26 de mayo de 2016

Fe en extraños

Traeme la música que siempre fuiste. Salvame, que la guitarra sólo me habla en su lengua de árbol y ya no produce aquellos sonidos que me hacían tanto bien. Salvame, que por las calles corren vientos nuevos de caras que no se animan a hablarse, y en las plazas los niños ya no se cuentan entre ellos historias de mundos que imaginan. La ciudad está teñida de un rojo óxido que aterra a toda criatura de ternuras puras.

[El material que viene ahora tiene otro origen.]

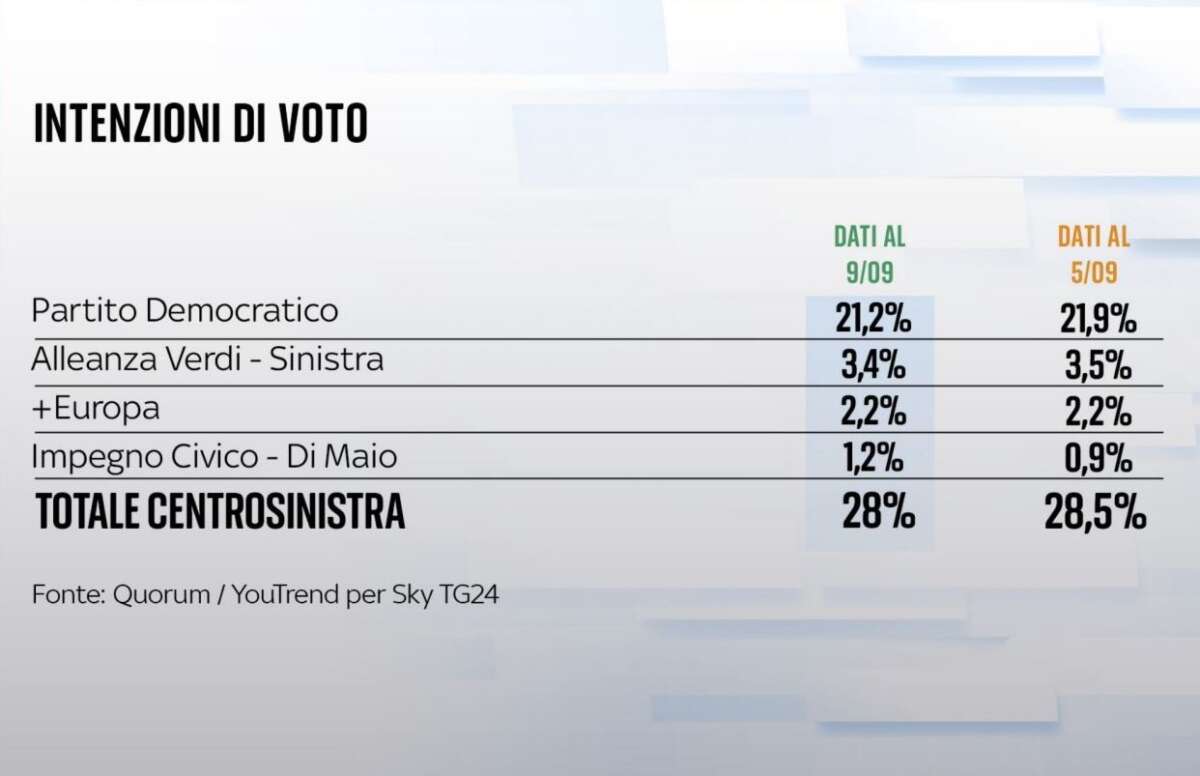 Il Carroccio di Matteo Salvini si ferma infatti a quota 12,9 per cento, ancora in calo rispetto al precedente 13,5 sondato il 5 settembre. Nella ‘classifica’ di YouTrend per SkyTg24 in seconda posizione resta il Partito Democratico, ma le speranza Dem di scalzare la Meloni dal primo posto stando ai trend dei sondaggi sembrano ormai ridotte visto la tendenza di Letta e soci discendente. Il PD è infatti quotato al 21,2%, ma in calo rispetto al 21,9 per cento di pochi giorni fa.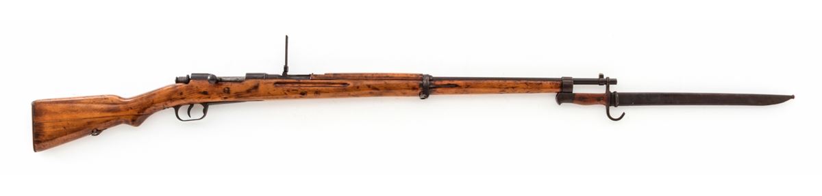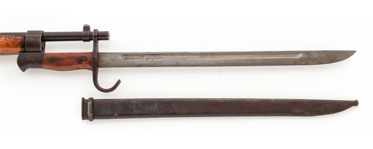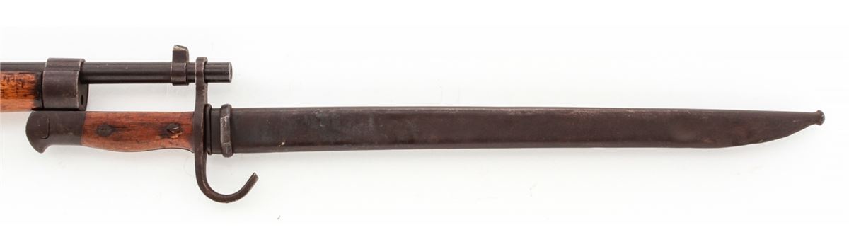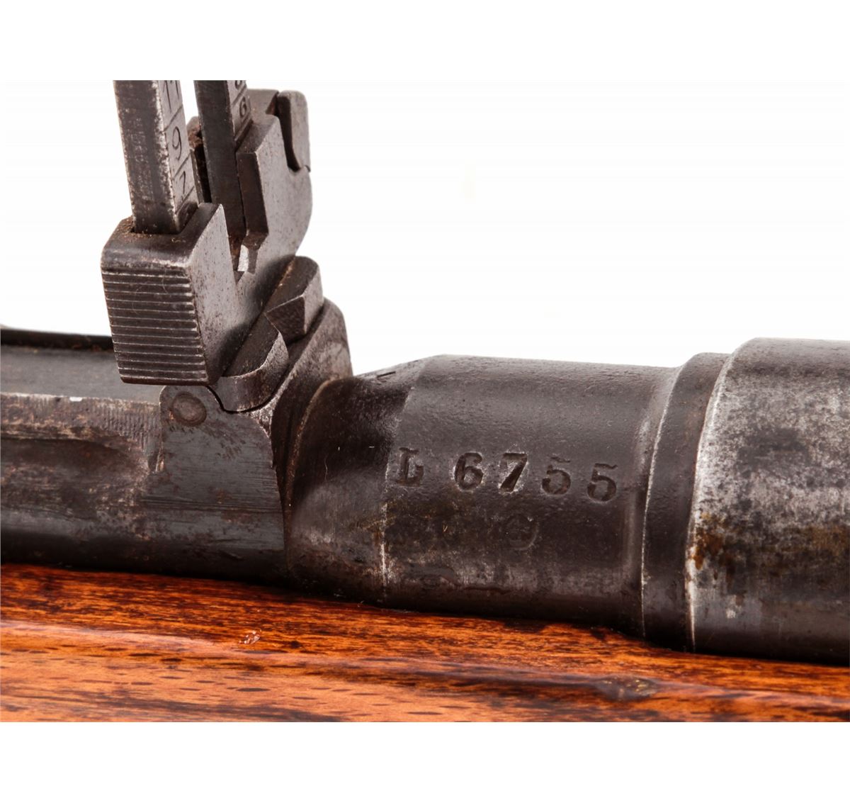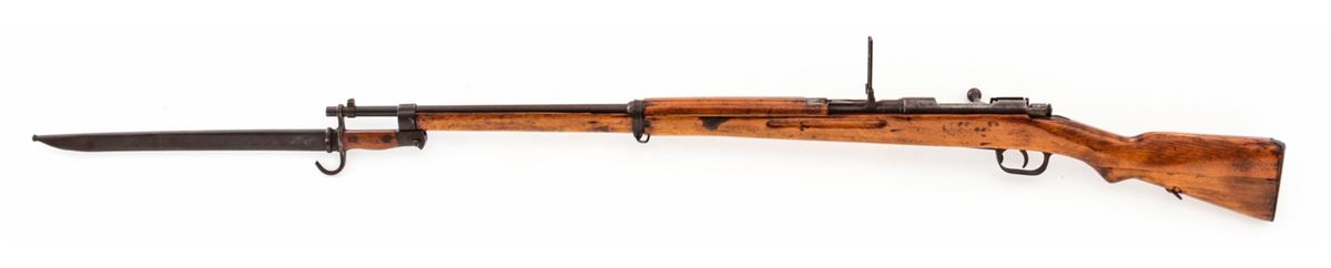 Italian made Japanese Type I Bolt Action Rifle, #L6755, 6.5mm, 31'' barrel, blue finish, hardwood stock. Condition is very good retaining approx. 60% thinning and toning blue. Stock with sanding, repairs and extra varnish. Good action and bore. Japanese bayonet and scabbard are included. Est.: $150-$300. (C&R)

En mis pupilas: un montón de hormigón para unas pocas almas oprimidas por una hábil mano de barro y cenizas. 
Nadie bebe, nadie juega, nadie puede acercarse al Sol. Si tu cabeza decidiera volver hacia atrás, comprenderás que todo ha sido removido y reemplazado por montañas de cadáveres fusilados por los sarampiones. ¿Y quién te devolverá el tiempo que te tomó poder erigir aquel humano que veían en vos?
Ésta es la manga de mi camisa, yo me aferraré a la tuya. No olvides jamás el color de las que nos regalamos en aquellos sueños desde el vientre del sol. Hoy nos vemos alejar, mujer. No voy a desistir. Abro los ojos. Te busco en el fuego y en la asfixia, en la cerveza que hincha mi cabeza y emborracha mis demonios, en la cara de una anciana a la que aún el parkinson no le robó los hermosos acordes menores de sus manos blancas y huesudas. Y trato de entender este dolor en mí, ¿en qué se transformó la tinta de mis dedos?
Alrededor de los límites de mi ceguera se extiende el blanco lienzo de los días por llegar. Ni un espejo tuyo ahí. A través de tus ojos de asfixia veo un cielo inmensamente azul, no tan bello como los recuerdos que aún la vida y los años me permiten conservar: mediodías de pasto y mates adormecido entre tus piernas.
Tanta prisa afloja hasta mis dientes, y ahí voy, perdiéndolos a medida que corro hacia vos. Y también los huesos y sus olores, mis ojos y las miradas que encadené en ellos, mis uñas, la sal de mi carne, las tristezas del alma, mi nombre. Mi nombre y no el tuyo.
No lo olvido: todo alguna vez ya fue mencionado: el miedo, el ojo faltante del sol y el hambre que pudre las bocas.
Sé que es un día hermoso y que a pesar de todo, el sol silba. No quiero oír ninguna otra cosa más en lo que dure esta siesta.